May 2, 2016

Evaluating Online Nonprobability Surveys

4. Overall variability in estimates across samples

Generally, we expect that surveys representing the same target population should produce estimates that are consistent with one another; that is, measures taken at roughly the same time should not vary dramatically from survey to survey.

Estimates from different online samples run the gamut from highly variable to highly consistentFor some of the items in this study, this is the case. For example, the highest estimate for the proportion never married is only 4.4 percentage points higher than the lowest. The proportion living at their residence for less than a year and the proportion with a driver’s license are similarly consistent across samples. At the other end of the spectrum, estimates of the proportion who knew that the Republican Party controlled both the House of Representatives and Senate span over a range of 26 percentage points, from 52% (sample I) to 78% (American Trends Panel) with the others dispersed in between.

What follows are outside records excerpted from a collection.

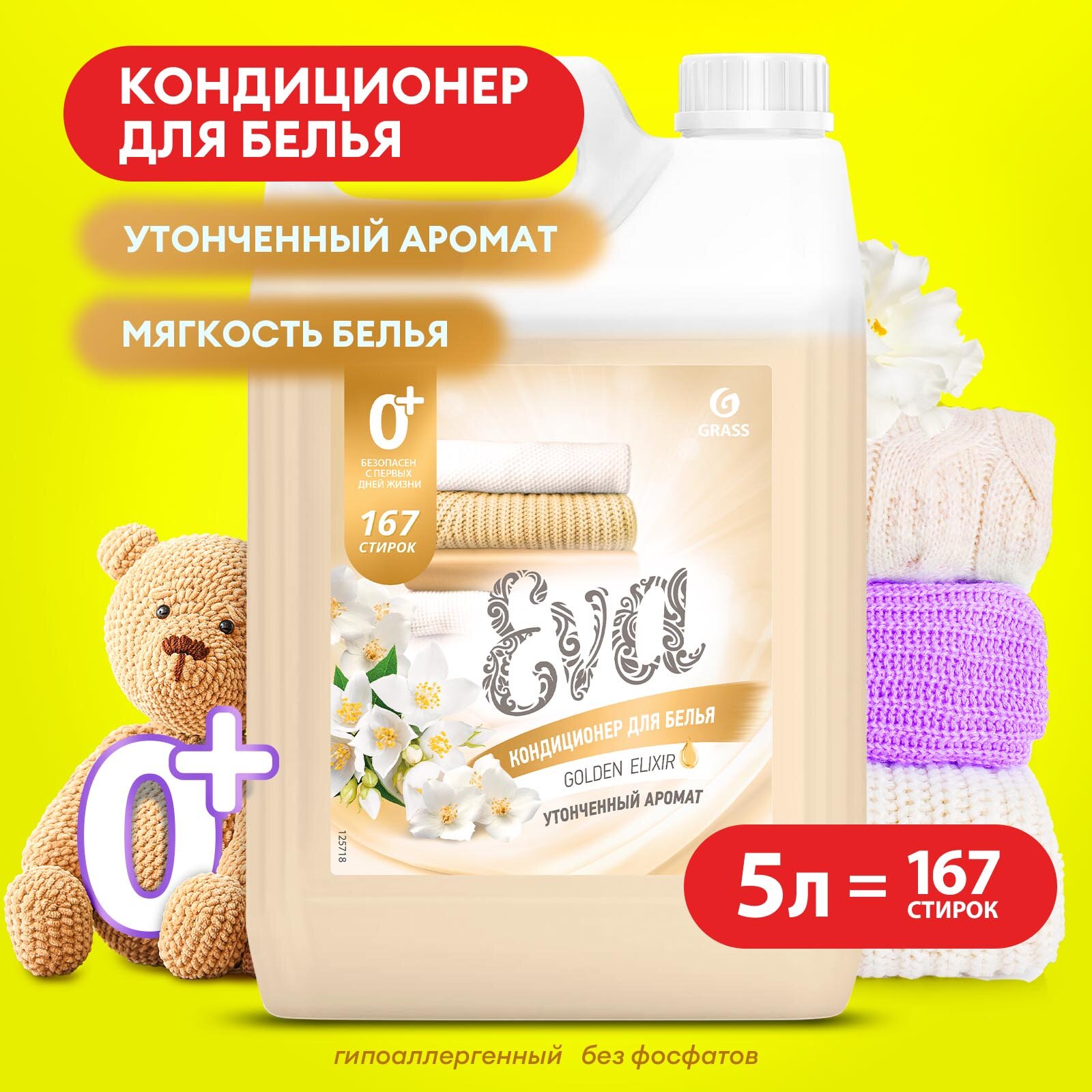 Кондиционер для белья концентрированный GRASS EVA Golden Elixir 5кг, 125718 1 202 ₽
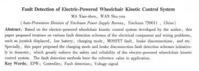 | 電動(dòng)輪椅運(yùn)動(dòng)控制系統(tǒng)故障檢測(cè)方法研究 馬小珍,萬(wàn)淑蕓 (銀川供電局保護(hù)自動(dòng)化所,銀川750011)     摘要:以自行研制的電動(dòng)輪椅運(yùn)動(dòng)控制系統(tǒng)為對(duì)象,論述了電動(dòng)輪椅運(yùn)動(dòng)控制系統(tǒng)各種常見(jiàn)電氣元件故障和接線故障檢測(cè)方法,主要有:操縱桿不在中心位置檢測(cè)、電池故障、充電模式檢測(cè)、mos管故障以及剎車未連接故障等。提出充電模式故障檢測(cè)方法和基于電壓信號(hào)的電剎車未連接故障等故障的檢測(cè)方法,極大的提高電動(dòng)輪椅運(yùn)動(dòng)控制系統(tǒng)的安全性和可靠性,具有一定的參考指導(dǎo)價(jià)值。 關(guān)鍵詞:電動(dòng)輪椅;控制器;故障檢測(cè);電壓信號(hào) 中圖分類號(hào):tp271+4:tp277    文獻(xiàn)標(biāo)志碼:a    文章編號(hào):1001-6848(2010)06-0088-02 o引  言   作為一個(gè)全數(shù)字化的電動(dòng)輪椅運(yùn)動(dòng)控制系統(tǒng),它應(yīng)能自動(dòng)實(shí)時(shí)地進(jìn)行故障診斷、故障定位、事故緊急處理以及報(bào)警等,并在液晶屏上進(jìn)行顯示,當(dāng)輪椅正在運(yùn)行時(shí)如果檢測(cè)出故障,系統(tǒng)應(yīng)能使輪椅安全地停下來(lái)并鎖定;當(dāng)輪椅靜止時(shí)如果被檢測(cè)出故障,系統(tǒng)應(yīng)能夠立即鎖定輪椅[34]。作者經(jīng)仔細(xì)分析和研究,得出電動(dòng)輪椅運(yùn)動(dòng)控制系統(tǒng)應(yīng)具備的常見(jiàn)故障檢測(cè)項(xiàng)目如下:     (1)操縱桿故障;     (2)電池故障;     (3)充電模式檢測(cè);     (4) mos管故障;     (5)剎車故障(包括左/右剎車)。 1各種故障檢測(cè)算法研究 1.1操縱桿故障     最常見(jiàn)的操縱桿故障是在電動(dòng)輪椅控制器上電之前,操縱桿可能由于某種原因偏離了中心位置,在上電初期,在完成程序初始化工作以后,就首先檢測(cè)操縱桿是否在中心位置,如果不在中心位置,則鳴笛報(bào)警5s,并在液晶屏上提示“操縱桿不在中心位置”,如果5s之內(nèi),釋放操縱桿使其回歸中心位置,則輪椅正常運(yùn)行,否則,5s之后,輪椅將被鎖死。程序流程圖如圖1所示。 1.2電池故障     電動(dòng)輪椅的電池電量的檢測(cè)是通過(guò)ad采樣并轉(zhuǎn)化為十進(jìn)制數(shù)在液晶顯示器上輸出。當(dāng)控制系統(tǒng)檢測(cè)到電池電壓低于某下限時(shí),即不足以驅(qū)動(dòng)電機(jī)時(shí),控制器會(huì)報(bào)警一段時(shí)間:如果輪椅此時(shí)正在運(yùn)行,則控制器報(bào)警1 rmn后封管抱閘,以給用戶足夠的時(shí)間停車;如果輪椅靜止,則控制器報(bào)警5s后封管抱閘。同時(shí)液晶顯示電池電壓不足,給出充電提示。當(dāng)電池電壓低于某下限時(shí),當(dāng)輪椅在起/制動(dòng)時(shí),負(fù)載電流較大,此時(shí)ad采樣所得到的電壓值比正常時(shí)要小得多,尼然不是真實(shí)的電池電壓值,這就需要對(duì)采樣值進(jìn)行濾波處理。本文采用程序判斷濾波法,根據(jù)經(jīng)驗(yàn)判斷確定兩次采樣允許的****偏差δy,若先后兩次的采樣值的差值大于δy,則表明輸入信號(hào)是干擾信號(hào),應(yīng)該去掉,而將上次采樣值作為本次采樣值;若小于ay,則本次采樣值有效。在本文中取δy=5 v。 1.3    mos管故障檢測(cè)方法     電動(dòng)輪椅運(yùn)動(dòng)控制系統(tǒng)調(diào)速示意圖如圖2所示。     由圖2見(jiàn),電動(dòng)輪椅運(yùn)動(dòng)控制系統(tǒng)共有兩個(gè)h橋,四個(gè)下管。下面僅以一個(gè)下管為例來(lái)說(shuō)明故障信號(hào)產(chǎn)生電路的工作原理。如圖3所示,mcp14066是一個(gè)多路選擇器,當(dāng)控制端為高電平時(shí),相應(yīng)的輸入端信號(hào)就會(huì)從對(duì)應(yīng)的輸出端輸出;當(dāng)控制端是低電平的時(shí)候,不論輸入端是什么信號(hào),輸出總為低,也就是說(shuō)14066相當(dāng)于一個(gè)與門。由于mos管的漏極和柵極的信號(hào)總是反相的,所以結(jié)合mcp14066多路選擇器的特點(diǎn),把mos管的柵極驅(qū)動(dòng)信號(hào)作為多路選擇器的控制信號(hào),而把mos管的漏極電平作為輸入信號(hào);然而當(dāng)mos管斷路而柵極驅(qū)動(dòng)為高電平時(shí),由于mos管沒(méi)有導(dǎo)通,故多路選擇器的輸出就為高電平,這就是故障信號(hào);當(dāng)mos管短路時(shí),上下管就會(huì)在瞬間直通而****燒毀。這就是mos管斷路故障檢測(cè)的原理。 1.4充電模式檢測(cè) |
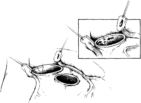 A standard cardiopulmonary bypass with ascending aortic and bicaval cannulation is performed. Cold blood cardioplegia and topical cooling are used for myocardial protection. When patients need arch reconstruction, deep hypothermic circulatory arrest or regional cerebral perfusion can be utilized. After cardioplegic arrest, the aortic root was open 2 to 3 mm above the sinotubular junction, and the aortic valve should be assessed for possible aortic valve repair before resecting the valve leaflets and aortic wall or harvesting the pulmonary autograft. The pulmonary artery is transected at its bifurcation, and the pulmonary valve annulus size is approximated with calibrated dilators before the excision of the autograft. If the valve is not amenable to repair, the diseased aortic valve is excised, and the coronary ostia were removed with buttons of aortic tissue. The pulmonary autograft is then harvested with a 2- to 3-mm muscle cuff, and care was taken to avoid injury to the underlying left main coronary artery and the septal perforators posteriorly. Aortic anulus tailoring is performed if there was a more than 2 mm larger aortic annulus than pulmonary autograft.9) It was begun by excising a triangular wedge of tissue from the aortic valve annulus at the level of the commissure between the left and noncoronary cusps, extending into the anterior leaflet of the mitral valve (Fig. 1). The V-shaped defect was then reapproximated over a calibrated dilator, which was adjusted to achieve a final diameter of 2 mm less than that of the pulmonary annulus. The edges are reapproximated with interrupted, pledgeted, horizontal mattress polypropylene sutures. The autograft is then sutured to the tailored aortic root with a continuous polypropylene suture beginning below the origin of the left coronary artery. The coronary arteries are then implanted into the facing sinuses of the autograft. The distal autograft anastomosis is performed, and the cross clamp removed. The right ventricular outflow tract is reconstructed with an appropriately sized cryopreserved pulmonary allograft while the patient was being rewarmed.
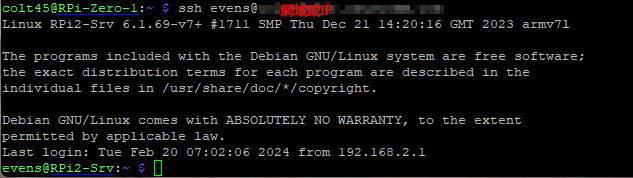 接下來就可以在 操作端電腦RPi-Zero-1 對 伺服器RPi2-Srv 進行SSH操作。
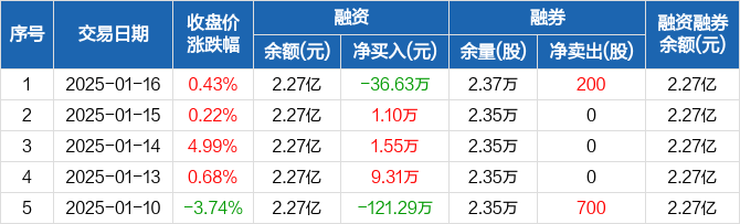 万邦达:融资净偿还36.63万元,融资余额2.27亿元(01-16)
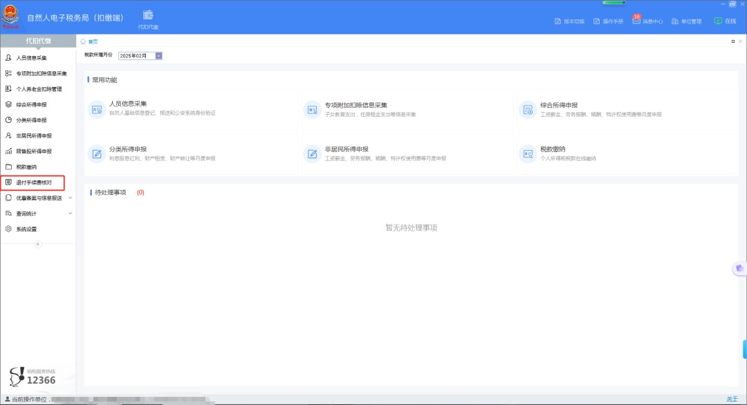 选择“申报密码登录”或“扫码登录”,进入自然人电子税务局(扣缴端),点击【退付手续费核对】。
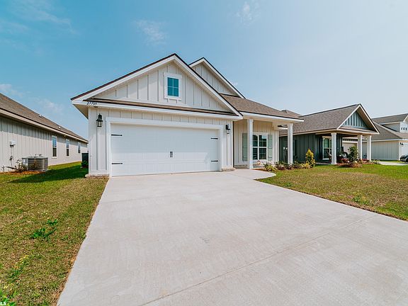 UNDER CONSTRUCTION. Welcome to the Jubilee floor plan by Truland Homes located in French Settlement. This 3 bed/2 bath home is 2,063 sq ft and loaded with great features and finishes including luxury vinyl flooring throughout the entry, kitchen, and living spaces. You’ll love cooking in this fabulous kitchen with painted cabinets, granite, tile backsplash, a large center island with seating, and stainless-steel appliances including a gas range. The Primary bedroom is a nice size with luxury vinyl flooring, a tray ceiling, and a lovely en-suite with dual vanities, granite, painted cabinets, a large walk-in closet, a separate linen closet, and a curbless ceramic tile shower. There are two additional bedrooms and a full bath all on one level. This home is built to Gold Fortified standards and includes many energy-efficient features like a Smart Thing Hub, Ring Doorbell, Smart Thermostat, storm shutters, and more. The anticipated completion date is March 2023. One or more principles of the selling entity are licensed real estate agents/brokers in the State of Alabama. Floor plans and elevations shown here are for example, only and are subject to lot specifics, upgrades included, and neighborhood requirements.
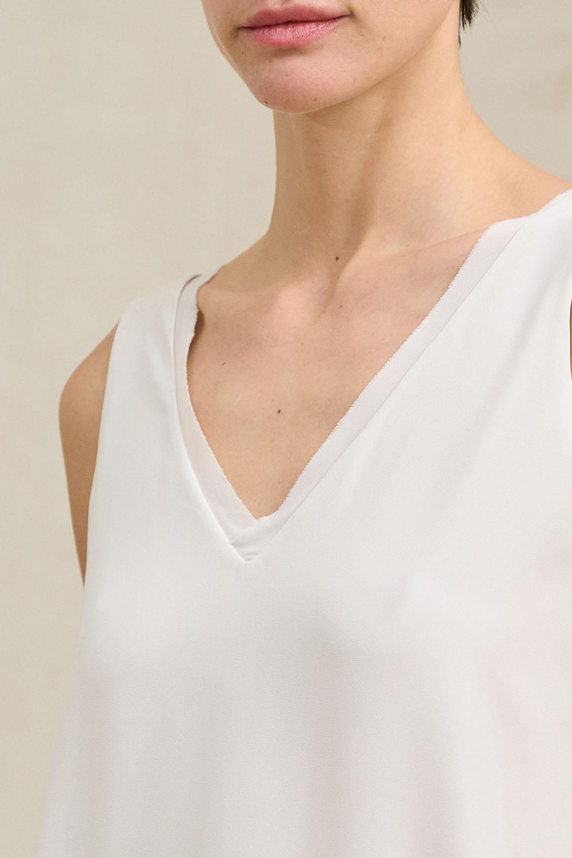 Este top sin mangas presenta una silueta amplia y ligera, definida por un escote en pico tanto en el delantero como en la espalda, que estiliza la parte superior y aporta una línea limpia y equilibrada. El tejido ofrece una caída fluida y continua, con un acabado liso que potencia la sensación de suavidad y movimiento. El bajo ligeramente redondeado refuerza su carácter relajado, mientras que el corte suelto permite que la prenda acompañe el cuerpo sin ajustarse.
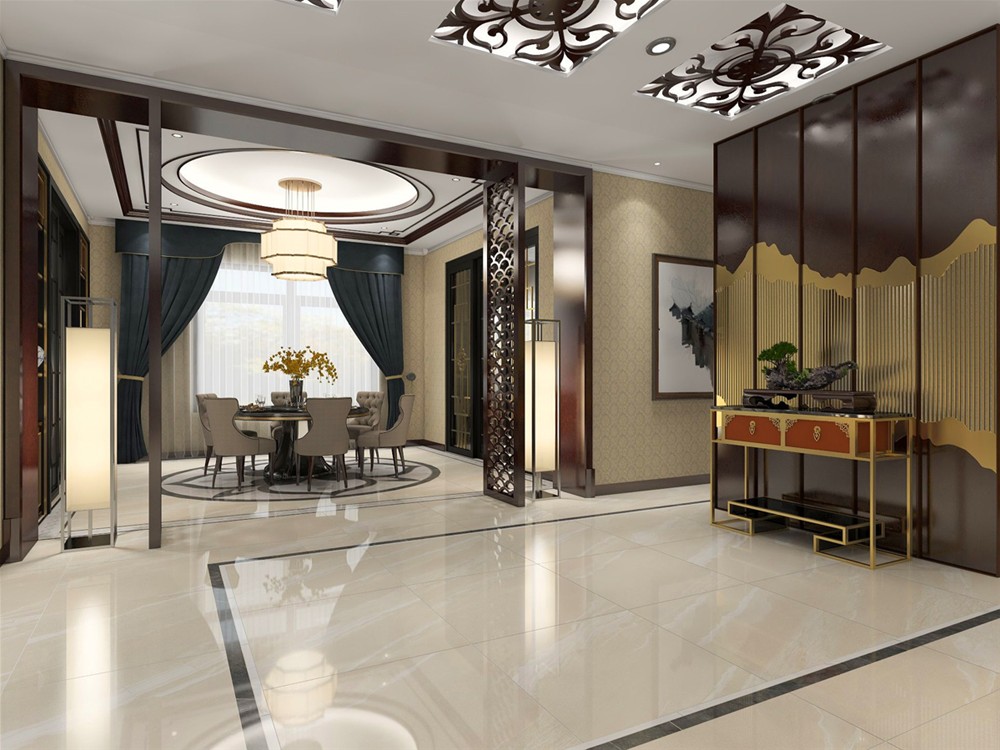 餐厅作为和客厅贯通的空间,利用相协调的深木色酒柜为整墙背景,选择富有中式格调的地砖拼花,象形荷花图案,整体空间呈现素雅而明媚,传统而不失现代,慢慢生出了整个空间的“魂”。让人觉得在此用餐是为乐事!

Other items exhibit more idiosyncratic patterns. The estimates of the share of adults who worry that computers and technology are being used to invade their privacy is densely clustered around 27% except for sample E, the low outlier at 21% and the ATP, the high outlier at 34%.

As we might expect, items closer to zero or 100% tend to display somewhat less variability between samples than items closer to 50%, though several items that fall near 50% exhibit low variability as well. For instance, the grand mean (average across all 10 samples) for the percentage who rate their health as excellent or very good is 47%, with samples differing from that by an average of 2.1 percentage points. The grand mean for the share that believes the government should do more to solve problems is 54% with an average deviation of 1.9 points.

Other than these ceiling and floor effects, there are no clear patterns that explain why some items vary across samples and others do not. Behavioral and attitudinal items are both well represented at both ends of the spectrum, as are potentially sensitive or socially desirable items. We also do not know if these patterns would persist if we were to repeat this exercise, as we lack measures of consistency over repeated surveys from the same sample sources.